[Stored items]
□ □ □
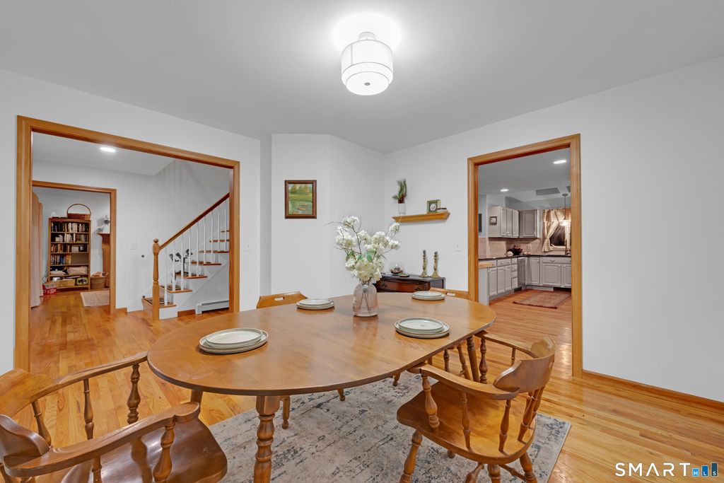 Charming 3-bedroom, 2.5-bath colonial filled with country character and modern updates, set on a quiet, private road. Gleaming hardwood floors (brand new in all the bedrooms) on the main and upper levels, fresh paint, pellet stove, and an updated kitchen create a warm, inviting interior. Exceptional in-law potential with approx. 580 sq ft in the walk out basement offering an additional bedroom, living room, kitchenette, bathroom, and abundant storage. Enjoy sunsets from the double composite back decks or relax on the classic front farmer's porch. Located in a desirable area with highly ranked schools and access to Woodstock Academy. A rare blend of charm, flexibility, and lifestyle.
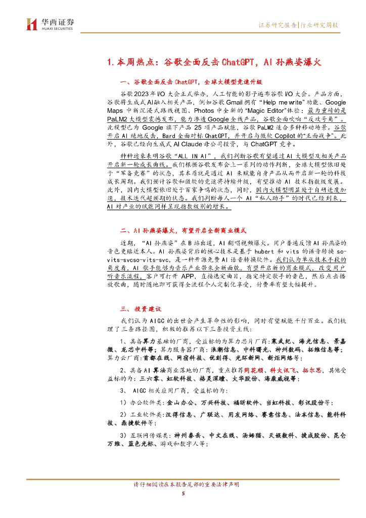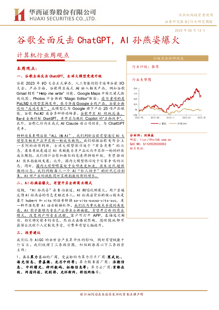 华西证券:计算机行业周观点:谷歌全面反击ChatGPT,AI孙燕姿爆火.pdf
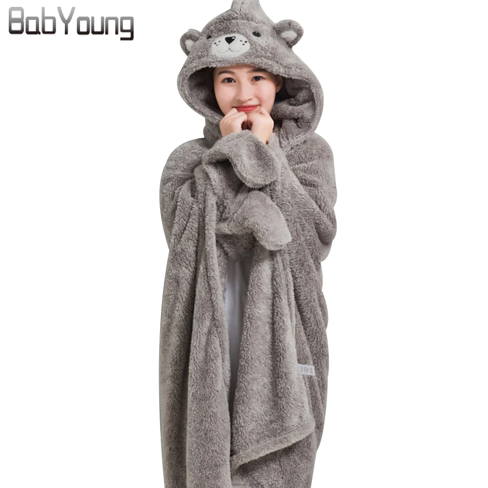 BabYoung Winter Women Robes Flannel Shawl Kimono Bath Long Sleeve Cosplay Warm Bathrobe Lunch Break Air Conditioner Blanket
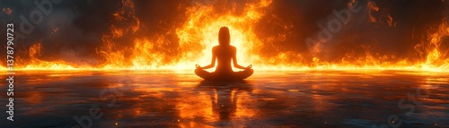 Meditation in Harmony A Serene Figure at the Heart of Fiery Flames
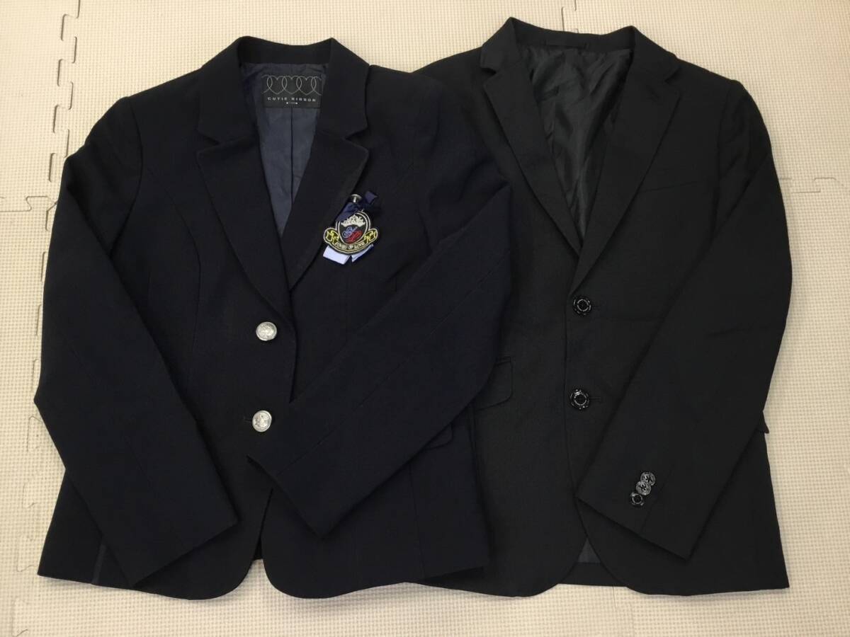 - S317 中古品【CUTIE RIBBON/WANDER FACTORY】ジュニア ジャケット サイズ 150cm 2点/紺/黒/ガールズ/ボーイズ/通学/フォーマル
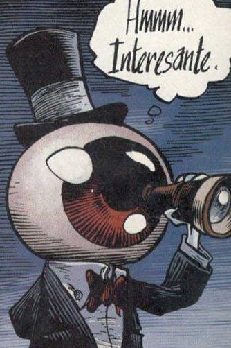 Es un hombre en traje con camisa, moño y sombrero de copa, quien tiene un ojo gigante por cabeza.
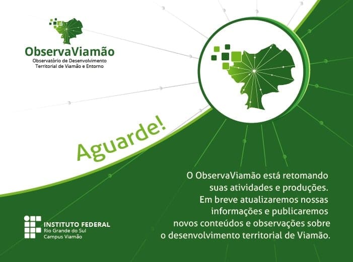 O Observatório do Desenvolvimento Territorial de Viamão e seu entorno (ObservaViamão) encaminha seu terceiro ano com a publicação de duas novas Notas Técnicas, outras duas em construção, com subsídios ao futuro Atlas Socioambiental de Viamão, com a realização de uma parceria com a comunidade da Escola Estadual Farroupilha e finalizando os procedimentos e regulamentos para receber e publicar Notas Técnicas de pessoas externas à equipe do Observatório.
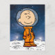 Denna Peanuts-konst firar 50-årsjubileet av 1969 års Apollo 10 omloppsbana runt månen och Apollo 11:s månlandning. Denna design visar Charlie Brown i sin orange rymddräkt.
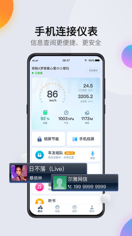 专属智能骑行助手APP,专门为摩托车提供手机连接到摩托车仪表屏使用。在骑行中安全便捷的在摩托车仪表中查阅信息、准确导航、来电提醒、微信提醒等手机基础功能。
□ □ □
*Goal of the exercise*: From the first line above to the line containing "华西证券:计算机行业周观点:谷歌全面反击ChatGPT,AI孙燕姿爆火.pdf", repeat each line exactly. Pictures stay out.

*Exercise output*:
 Charming 3-bedroom, 2.5-bath colonial filled with country character and modern updates, set on a quiet, private road. Gleaming hardwood floors (brand new in all the bedrooms) on the main and upper levels, fresh paint, pellet stove, and an updated kitchen create a warm, inviting interior. Exceptional in-law potential with approx. 580 sq ft in the walk out basement offering an additional bedroom, living room, kitchenette, bathroom, and abundant storage. Enjoy sunsets from the double composite back decks or relax on the classic front farmer's porch. Located in a desirable area with highly ranked schools and access to Woodstock Academy. A rare blend of charm, flexibility, and lifestyle.
 华西证券:计算机行业周观点:谷歌全面反击ChatGPT,AI孙燕姿爆火.pdf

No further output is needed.